## [What you are asked to do]
Print the data below exactly as it stands, and keep the pictures out.

## [Data excerpts]

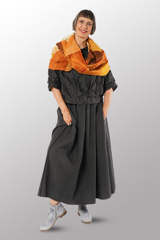 FRAYED PATCH KANTHA COWL NECK LONG CAPE - fi4842-gry -
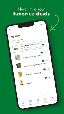 Check out the current Co+op Deals available from participating community-owned food co-ops near you. Explore deals, access store information, favorite the stores you shop and the products you love, create and share shopping lists, and more!
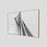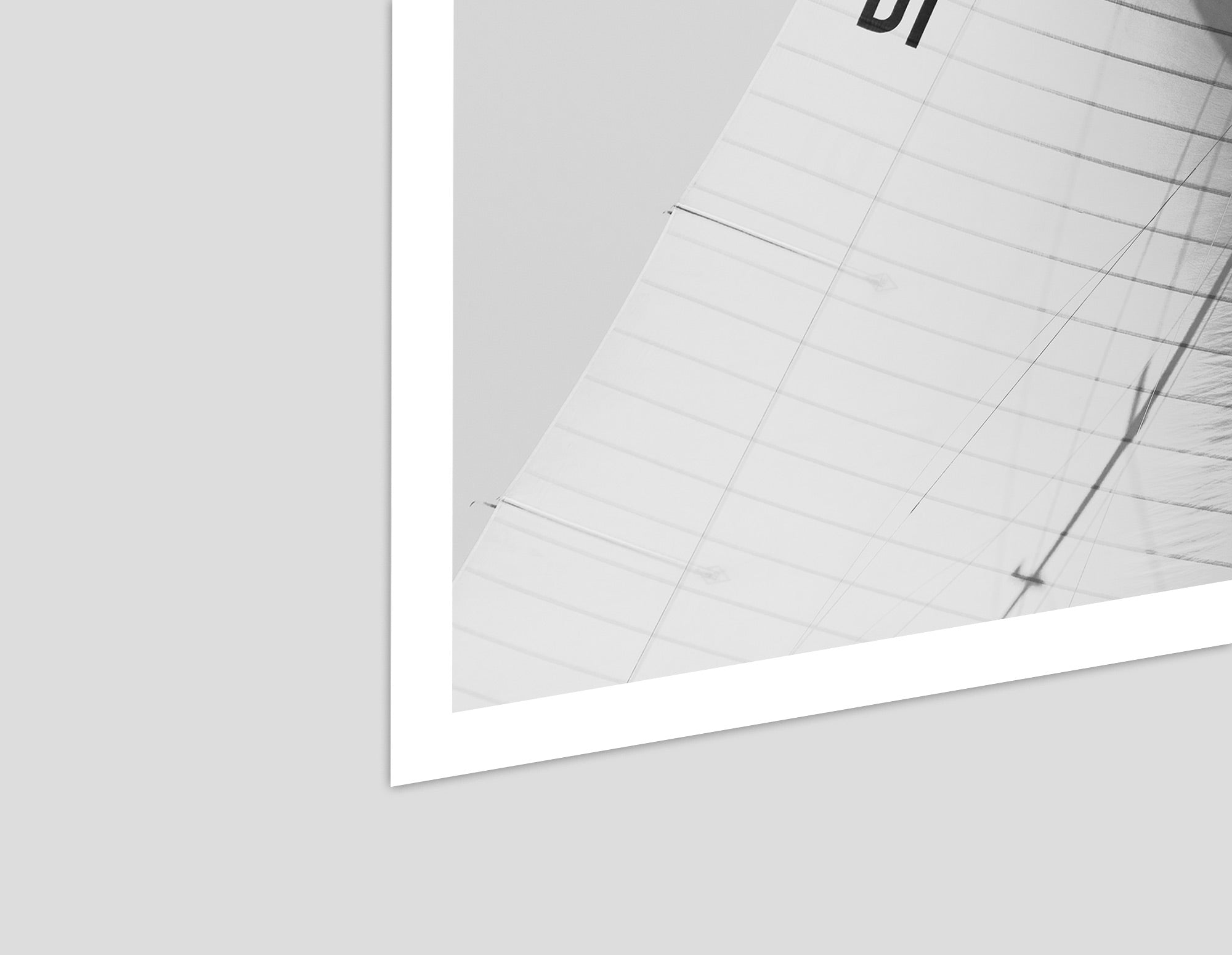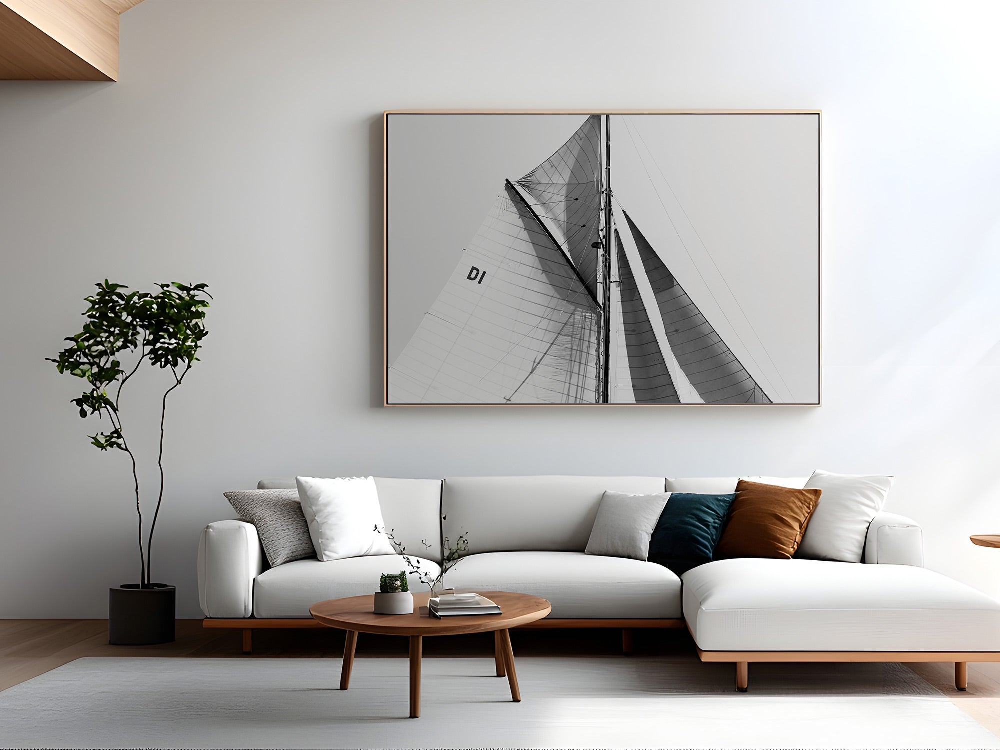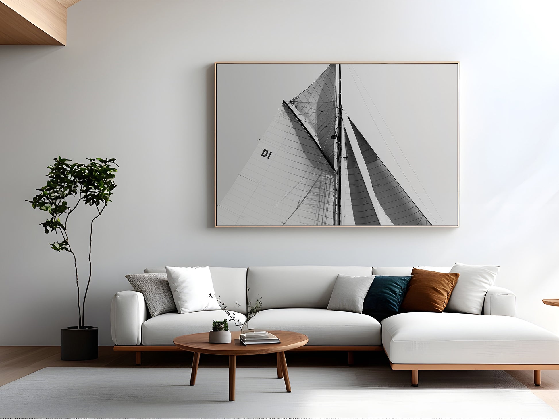 Black and white photograph captured during a classic sailing regatta off the coast of Menorca. Elegant vintage yachts glide across a calm sea, their tall sails catching the light against a softly clouded sky. The composition is minimal and balanced, with a strong horizon dividing the dark sea and the luminous sails. The absence of color enhances the timeless atmosphere, evoking grace, tradition, and the quiet power of wind and craftsmanship.
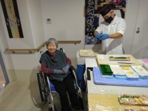 利用者さんの目の前で、魂込めて握っていただきました。
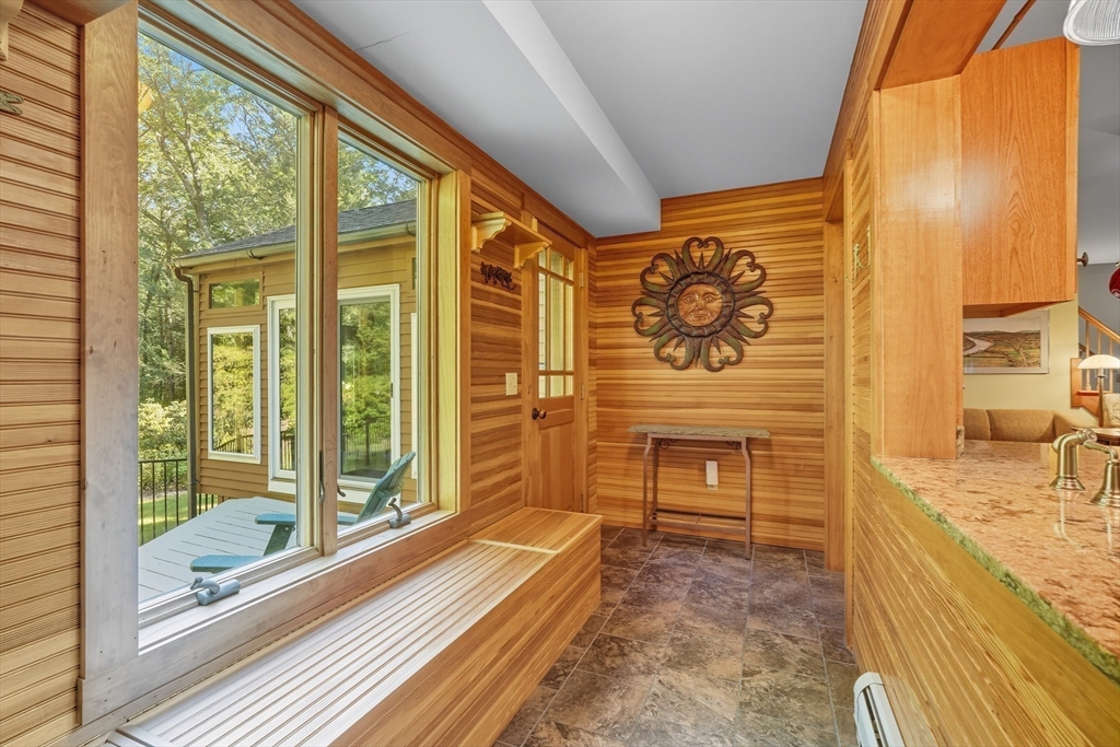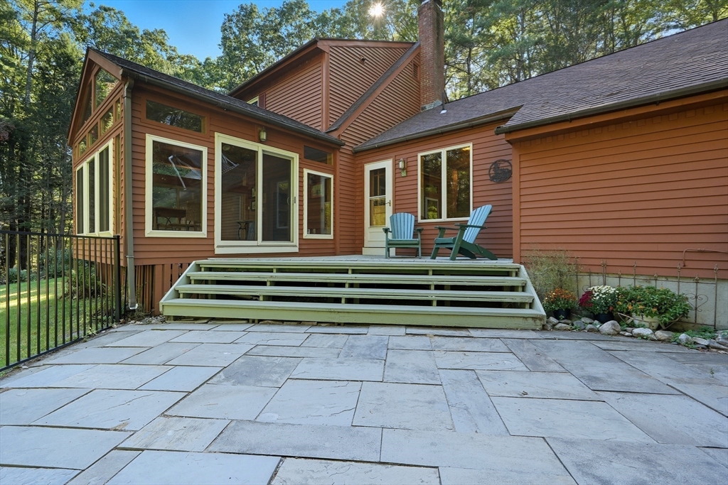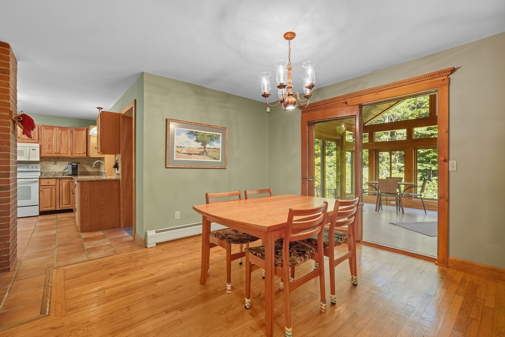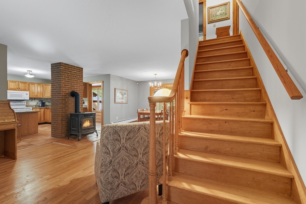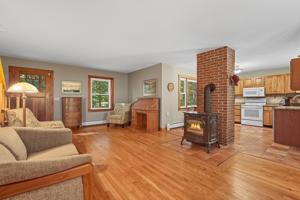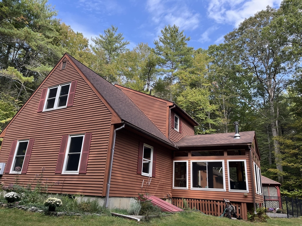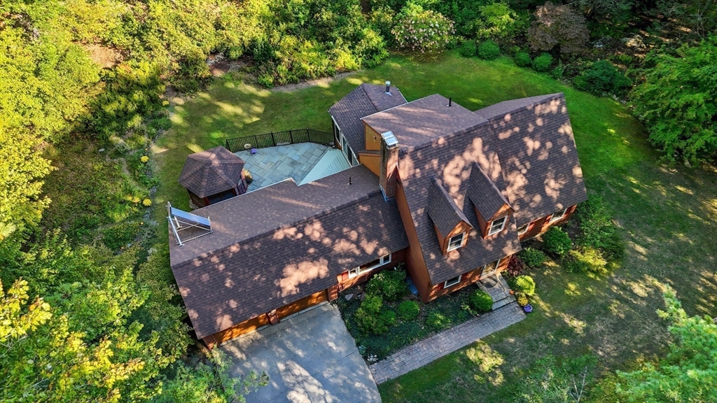 The sights and sounds of nature surround you with this 2.96 acre property which abuts approx. 600 acres of conservation land. You will enjoy the open floor plan and the comfort and warmth of the wood floors and natural woodwork. The kitchen has been upgraded with new appliances, quartz countertops and mudroom access from the oversized two car garage. Off of the living room is a beautiful 3 season sunroom with large windows and a pellet stove where you can relax and enjoy your own nature preserve. The flexible floor plan offers one floor living with two bedrooms (currently being used as an office and a den) and a full bath. The second floor has two bedrooms, full bath and lots of closet storage. The basement, with high ceilings, is partially finished and perfect for a workout room or hobbies. Add'l features include a solar HWH system, new Superstor SSHWH and burried elec. lines. The gazebo, deck & patio add to the enjoyment of nature, Unmatched privacy yet a 5 min. drive to I91

## [Your response]
 FRAYED PATCH KANTHA COWL NECK LONG CAPE - fi4842-gry -
 Check out the current Co+op Deals available from participating community-owned food co-ops near you. Explore deals, access store information, favorite the stores you shop and the products you love, create and share shopping lists, and more!
 Black and white photograph captured during a classic sailing regatta off the coast of Menorca. Elegant vintage yachts glide across a calm sea, their tall sails catching the light against a softly clouded sky. The composition is minimal and balanced, with a strong horizon dividing the dark sea and the luminous sails. The absence of color enhances the timeless atmosphere, evoking grace, tradition, and the quiet power of wind and craftsmanship.
 利用者さんの目の前で、魂込めて握っていただきました。
 The sights and sounds of nature surround you with this 2.96 acre property which abuts approx. 600 acres of conservation land. You will enjoy the open floor plan and the comfort and warmth of the wood floors and natural woodwork. The kitchen has been upgraded with new appliances, quartz countertops and mudroom access from the oversized two car garage. Off of the living room is a beautiful 3 season sunroom with large windows and a pellet stove where you can relax and enjoy your own nature preserve. The flexible floor plan offers one floor living with two bedrooms (currently being used as an office and a den) and a full bath. The second floor has two bedrooms, full bath and lots of closet storage. The basement, with high ceilings, is partially finished and perfect for a workout room or hobbies. Add'l features include a solar HWH system, new Superstor SSHWH and burried elec. lines. The gazebo, deck & patio add to the enjoyment of nature, Unmatched privacy yet a 5 min. drive to I91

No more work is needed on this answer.